----- SUPPLIED RECORDS
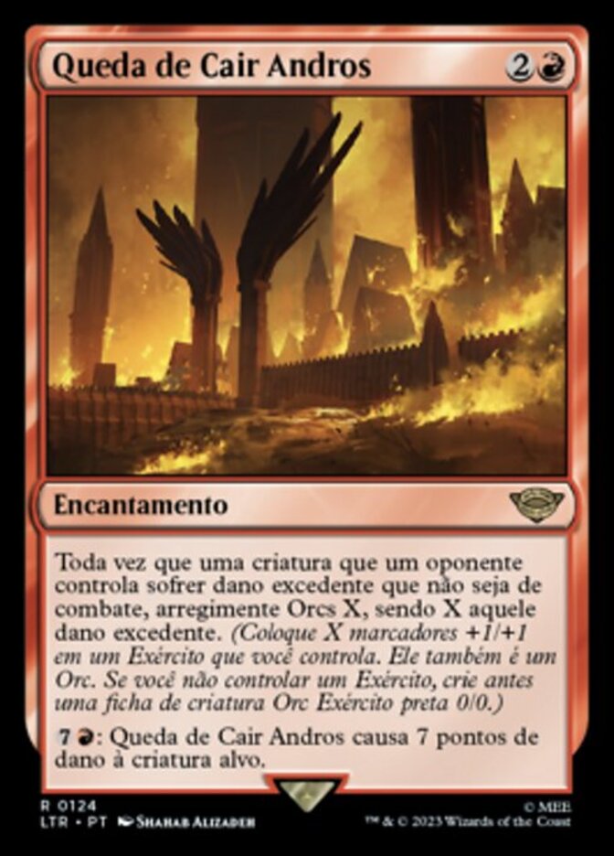 | Rules | Whenever a creature an opponent controls is dealt excess noncombat damage, amass Orcs X, where X is that excess damage. (Put X +1/+1 counters on an Army you control. It's also an Orc. If you don't control an Army, create a 0/0 black Orc Army creature token first.) : Fall of Cair Andros deals 7 damage to target creature. |
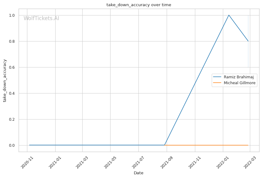 | Takedown Defense | 71.43% | 80.00% | 67.57% | |
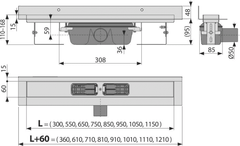Высота монтажа от 95 мм.
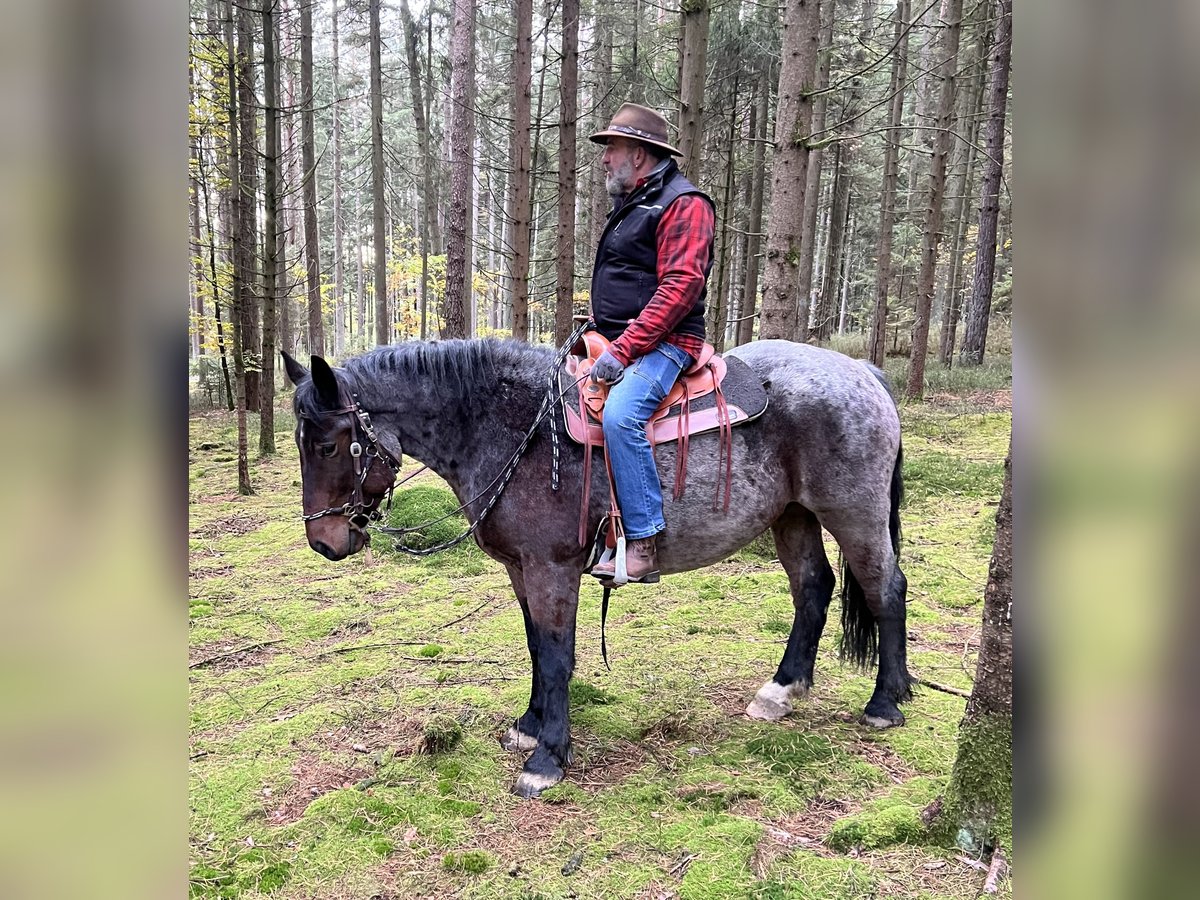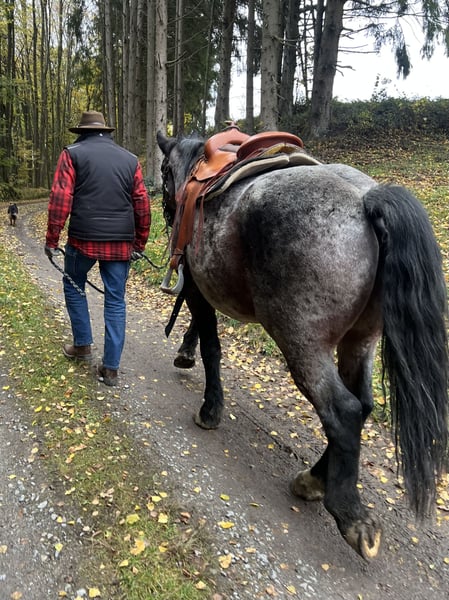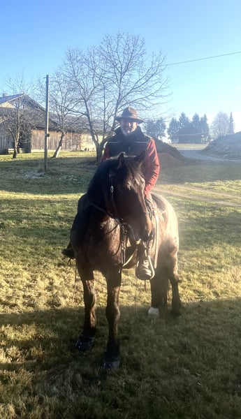 Cold-blooded crossbred gelding, ridden in all three gaits on a bit with water reins. Fearless, very sure-footed, comfortable going through water, traffic, with dogs, farrier, and loading… no problem. Safe electric fence, herd-friendly, loves the stable cat, responds to voice commands, and even fetches his feed bucket. BUT: dislikes groundwork, is reluctant to accept instructions from women and can show his strength! That is the reason for his sale. Our stable girls do not feel comfortable handling him. Therefore, ideally sold to a (male) individual who will give him work and not constantly coddle him. He would make an excellent trekking horse. Absolutely priority over price.
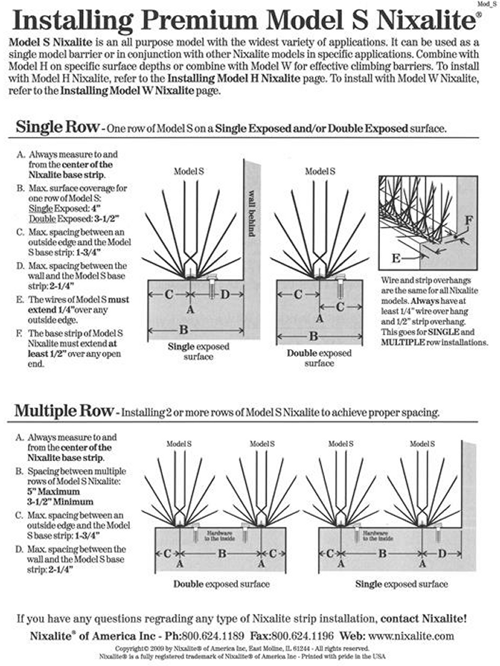 Premium Model S Nixalite is our stainless steel, full row bird control spike that deters all pest birds and climbing animals, in all infestation levels and on all types of installation surfaces. It repels ALL birds including pigeons, seagulls, sparrows, starlings, swallows, black birds, crows, and vultures. Combine with Premium Model W spikes to deter all types of climbing animals including squirrels, raccoons, cats, rodents and even snakes! Blunt Tip option is available.
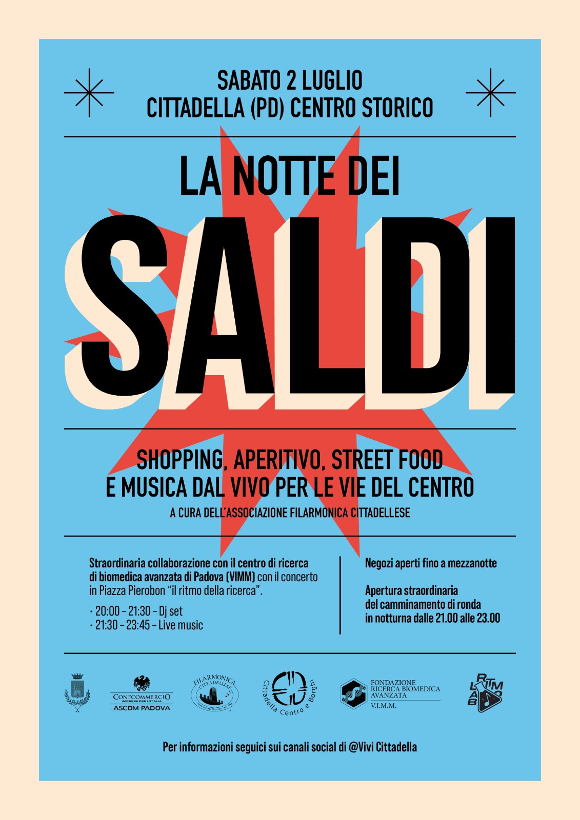 Sabato 2 luglio a Cittadella si terrà una serata promozionale per la Fondazione Ricerca Biomedica Avanzata VIMM nell’ambito dell’evento La Notte dei Saldi, che vedrà il centro storico di Cittadella animarsi grazie a ad iniziative di shopping, aperitivi, street food e musica dal vivo per le vie del centro, a cura dell’Associazione Filarmonica Cittadellese.
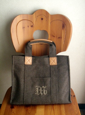 ざっくりしたツイードのバッグにウール糸でクロスステッチです。
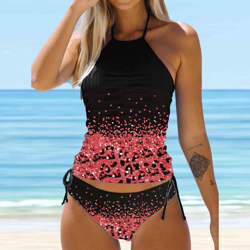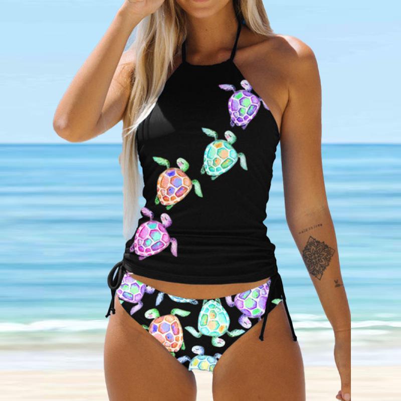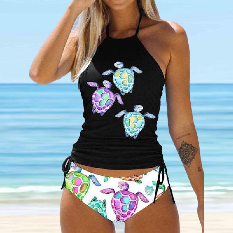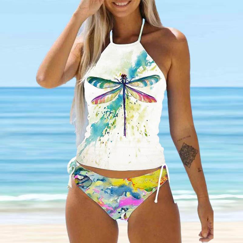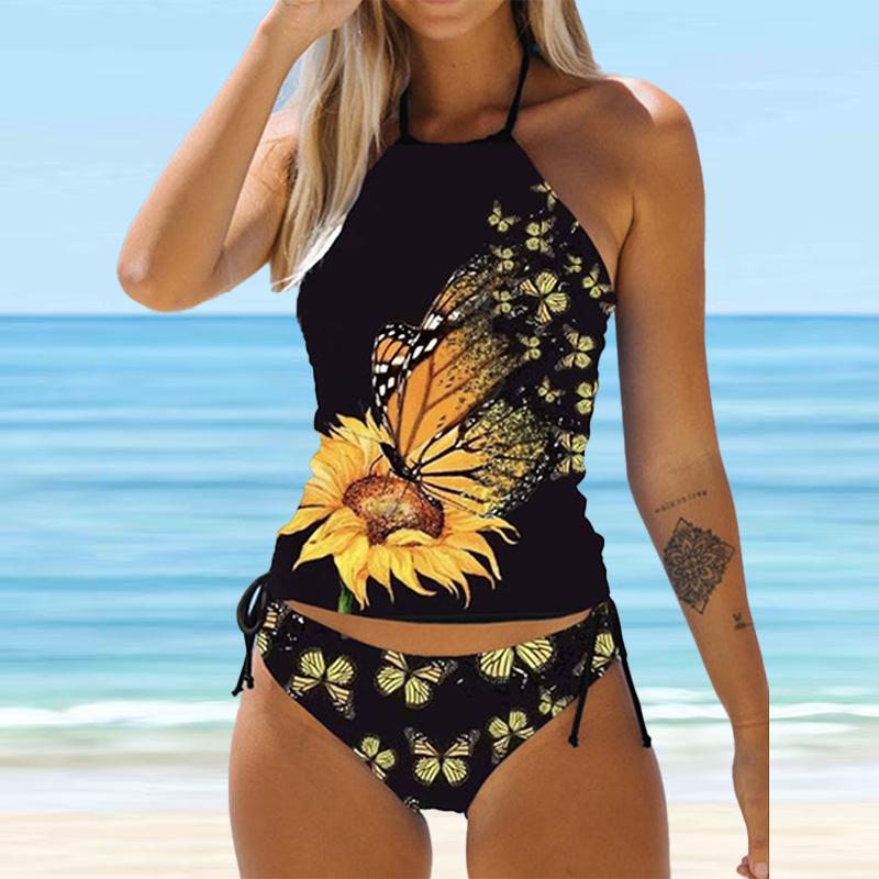 Женский купальник-бикини с бретелькой на шее, бабочкой и одуванчиком, купальник-танкини
----------
*YOUR GOAL*
For this task, give the full listing again verbatim and keep out every picture.

*EXERCISE RESPONSE*
 | Rules | Whenever a creature an opponent controls is dealt excess noncombat damage, amass Orcs X, where X is that excess damage. (Put X +1/+1 counters on an Army you control. It's also an Orc. If you don't control an Army, create a 0/0 black Orc Army creature token first.) : Fall of Cair Andros deals 7 damage to target creature. |
 | Takedown Defense | 71.43% | 80.00% | 67.57% | |
Высота монтажа от 95 мм.
 Cold-blooded crossbred gelding, ridden in all three gaits on a bit with water reins. Fearless, very sure-footed, comfortable going through water, traffic, with dogs, farrier, and loading… no problem. Safe electric fence, herd-friendly, loves the stable cat, responds to voice commands, and even fetches his feed bucket. BUT: dislikes groundwork, is reluctant to accept instructions from women and can show his strength! That is the reason for his sale. Our stable girls do not feel comfortable handling him. Therefore, ideally sold to a (male) individual who will give him work and not constantly coddle him. He would make an excellent trekking horse. Absolutely priority over price.
 Premium Model S Nixalite is our stainless steel, full row bird control spike that deters all pest birds and climbing animals, in all infestation levels and on all types of installation surfaces. It repels ALL birds including pigeons, seagulls, sparrows, starlings, swallows, black birds, crows, and vultures. Combine with Premium Model W spikes to deter all types of climbing animals including squirrels, raccoons, cats, rodents and even snakes! Blunt Tip option is available.
 Sabato 2 luglio a Cittadella si terrà una serata promozionale per la Fondazione Ricerca Biomedica Avanzata VIMM nell’ambito dell’evento La Notte dei Saldi, che vedrà il centro storico di Cittadella animarsi grazie a ad iniziative di shopping, aperitivi, street food e musica dal vivo per le vie del centro, a cura dell’Associazione Filarmonica Cittadellese.
 ざっくりしたツイードのバッグにウール糸でクロスステッチです。
 Женский купальник-бикини с бретелькой на шее, бабочкой и одуванчиком, купальник-танкини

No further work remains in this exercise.